- [What this task involves]:
Exactly the lines from the one containing "Ahora con los" through the final line of the data below, with pictures omitted, make up the answer.

- [The data]:
----

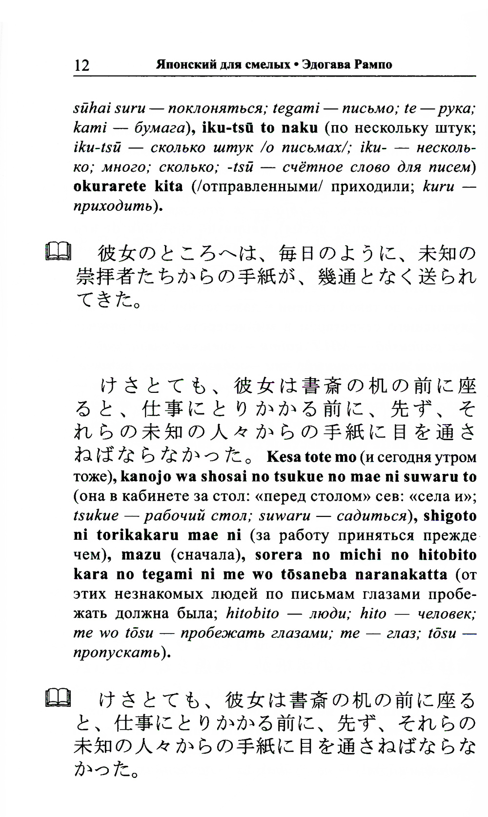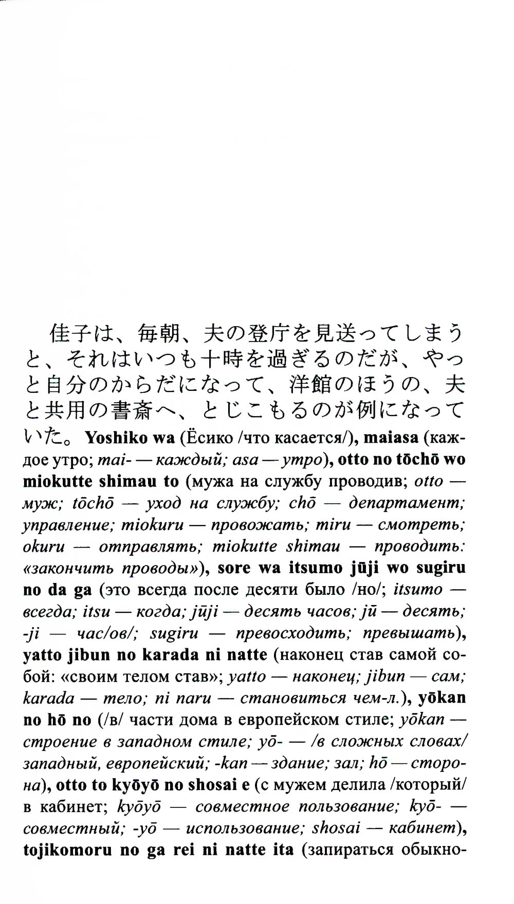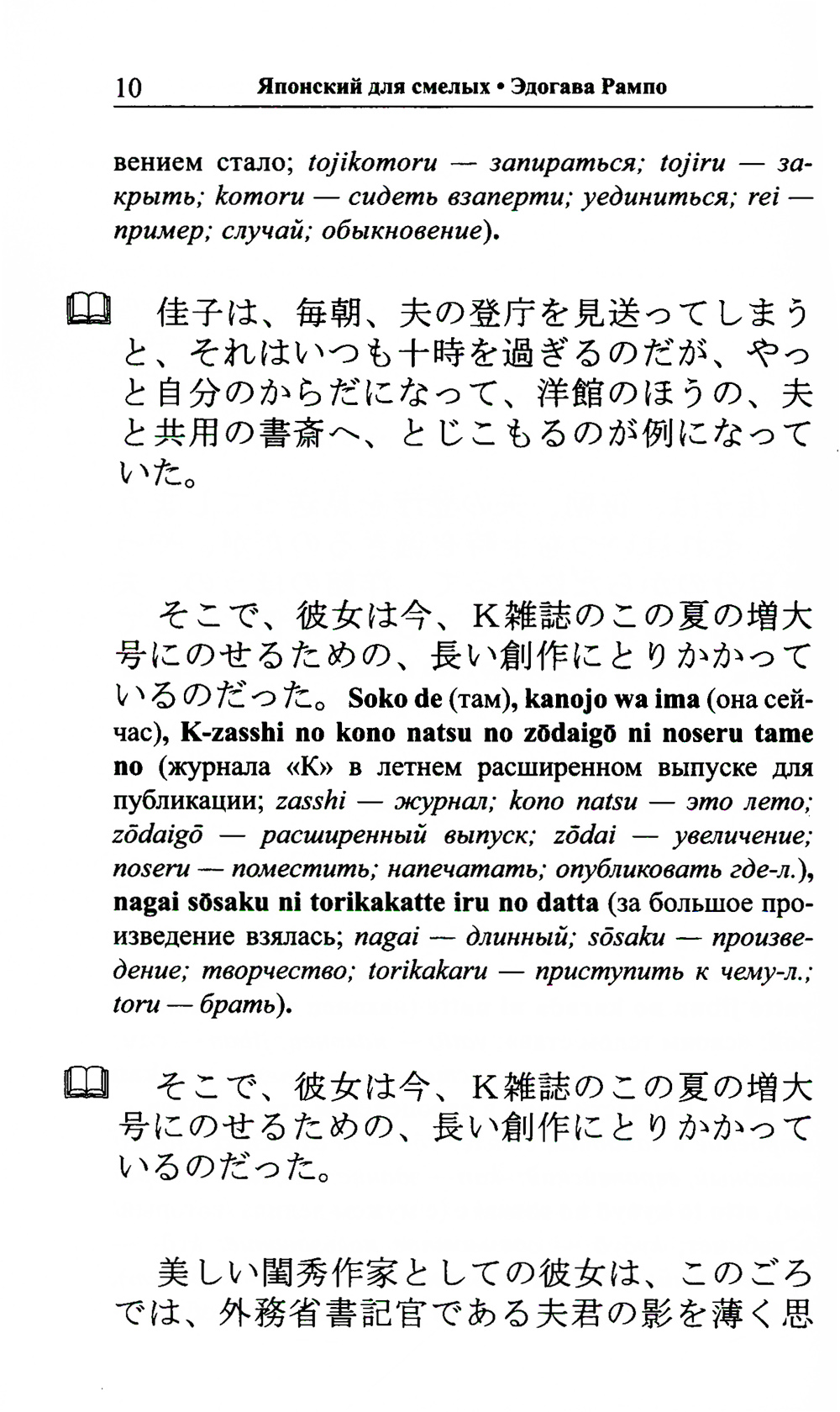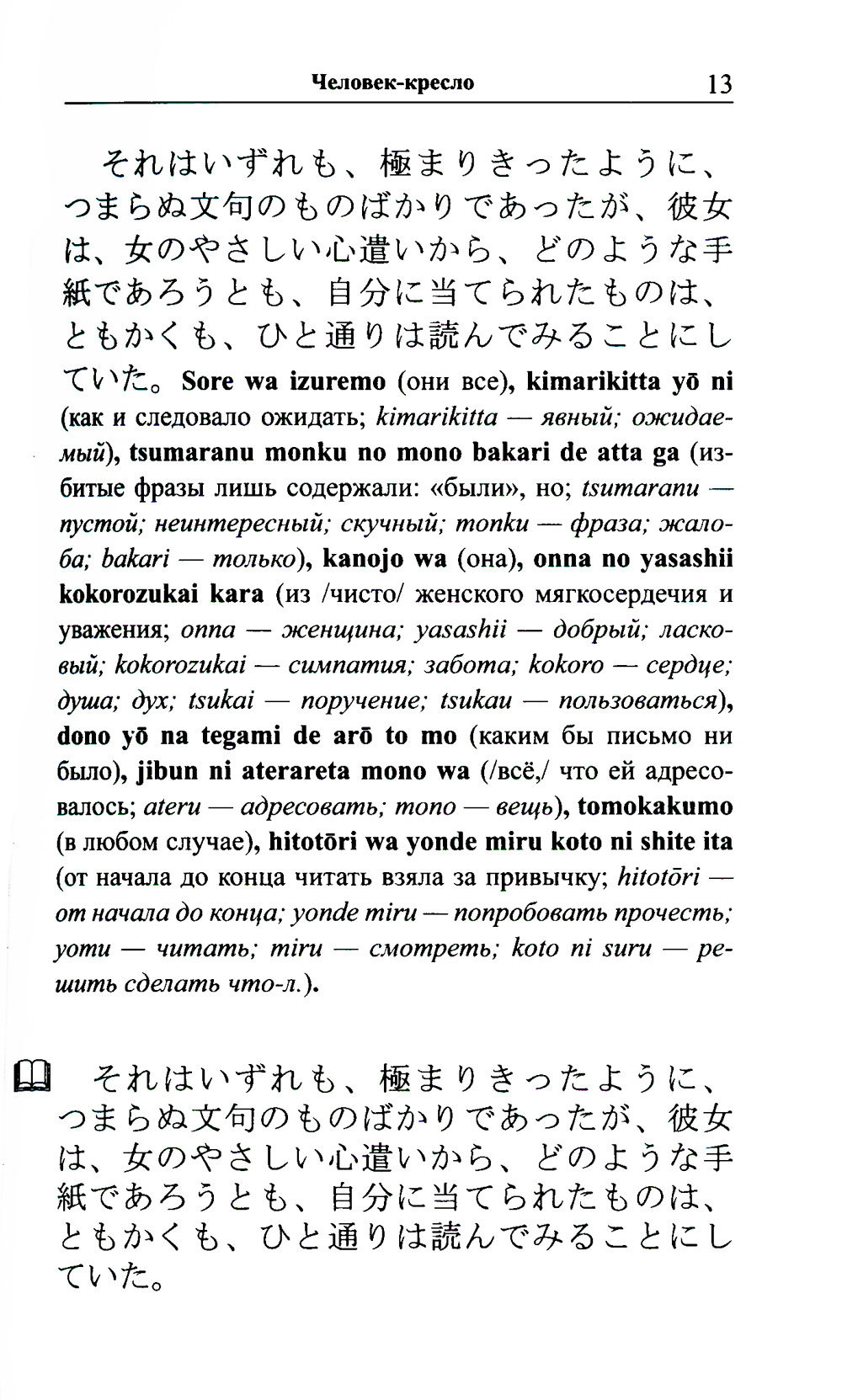 История безумца, отказавшегося от собственной жизни ради роли безмолвного наблюдателя за другими людьми, таинственной тени, срастающейся с объектами своего зловещего интереса, адаптирована в настоящем издании по методу Ильи Франка: снабжена транскрипцией, дословным переводом на русский язык и необходимым лексико-грамматическим комментарием. Уникальность метода заключается в том, что запоминание слов и выражений происходит за счет их повторяемости, без заучивания и необходимости использовать словарь. Кроме того, читатель привыкает к логике японского языка, начинает его «чувствовать». Для широкого круга лиц, изучающих японский язык и интересующихся японской культурой.
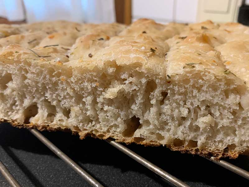 Ahora con los dedos en forma de garra, introducir en la masa uniformemente por toda la superficie, esto infla aún más las burbujas del fermentado.
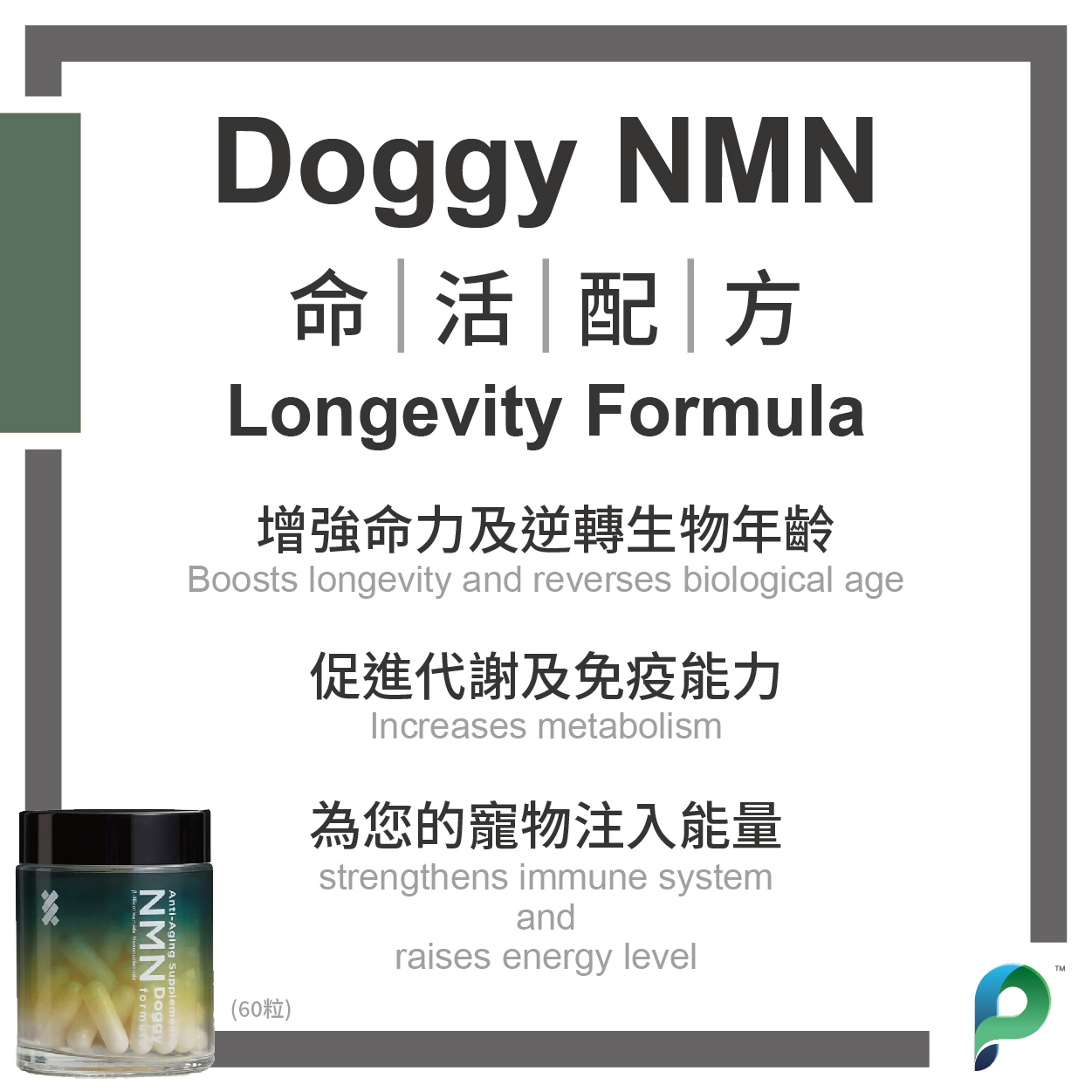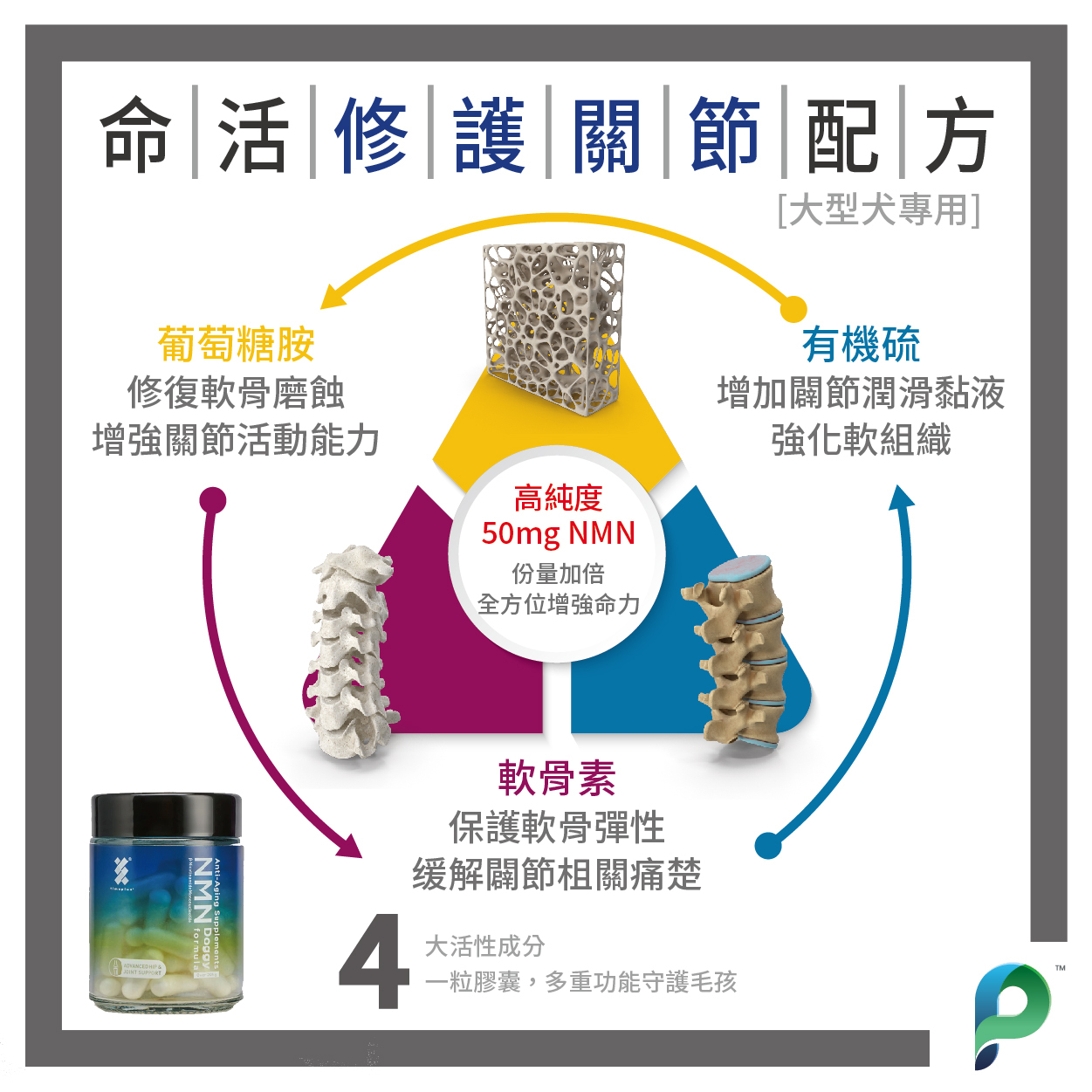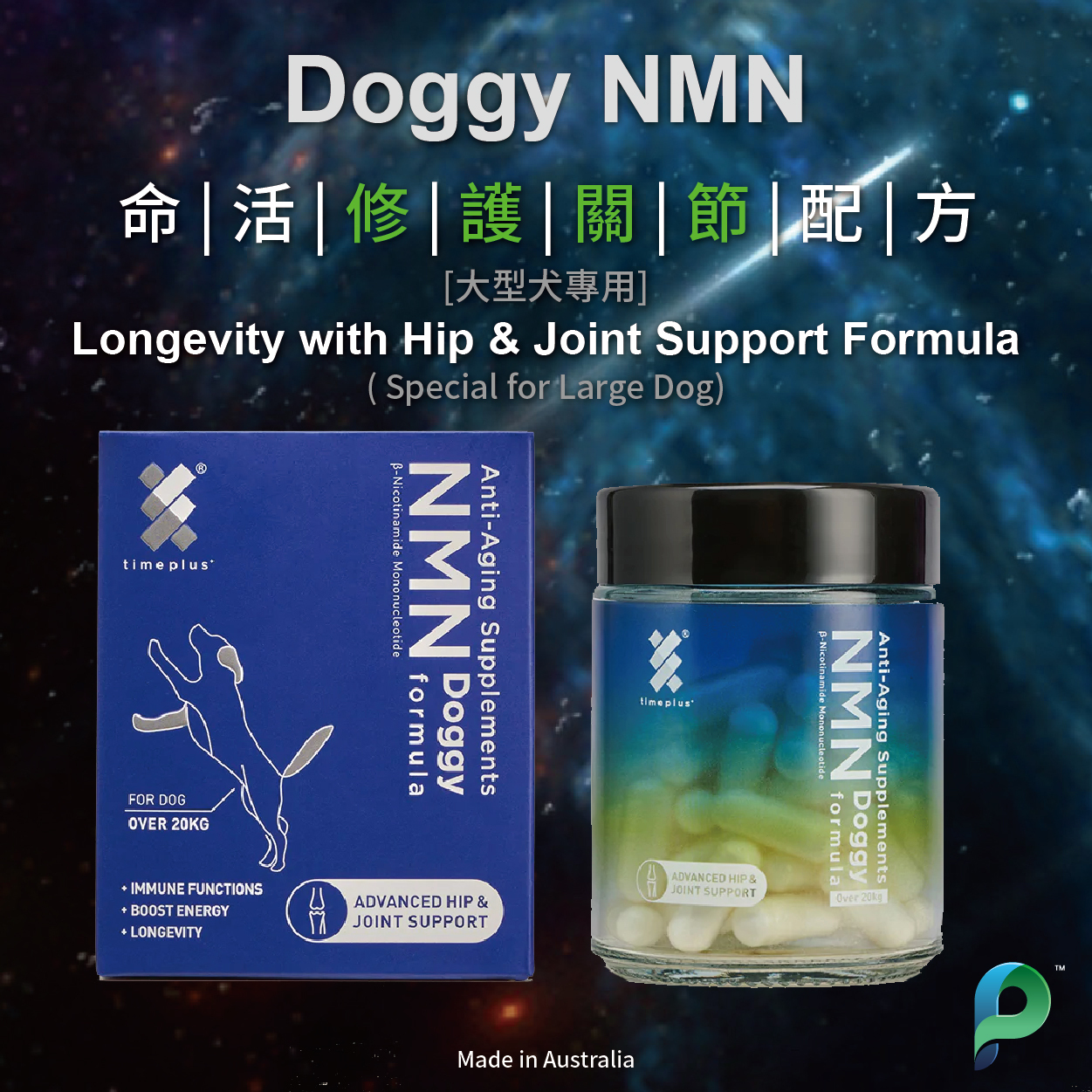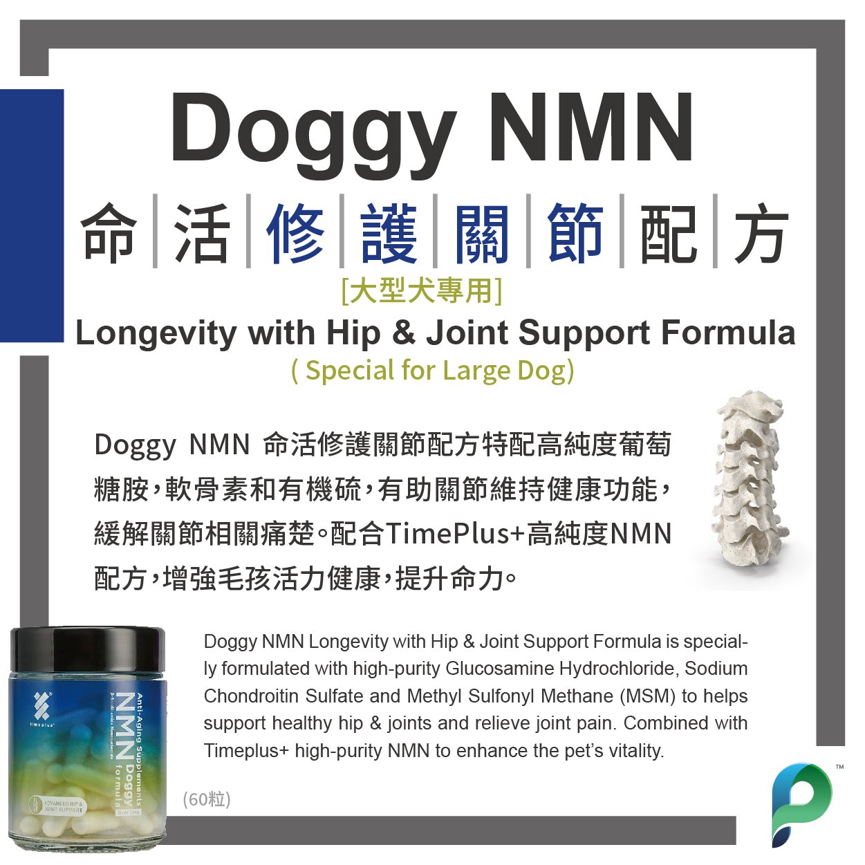Doggy NMN 命活修護關節配方特配高純度葡萄糖胺,軟骨素和有機硫,有助關節維持健康功能,緩解關節相關痛楚。配合TimePlus+高純度NMN配方,增強毛孩活力健康,提升命力。

----

- [Worked solution]:
 Ahora con los dedos en forma de garra, introducir en la masa uniformemente por toda la superficie, esto infla aún más las burbujas del fermentado.
Doggy NMN 命活修護關節配方特配高純度葡萄糖胺,軟骨素和有機硫,有助關節維持健康功能,緩解關節相關痛楚。配合TimePlus+高純度NMN配方,增強毛孩活力健康,提升命力。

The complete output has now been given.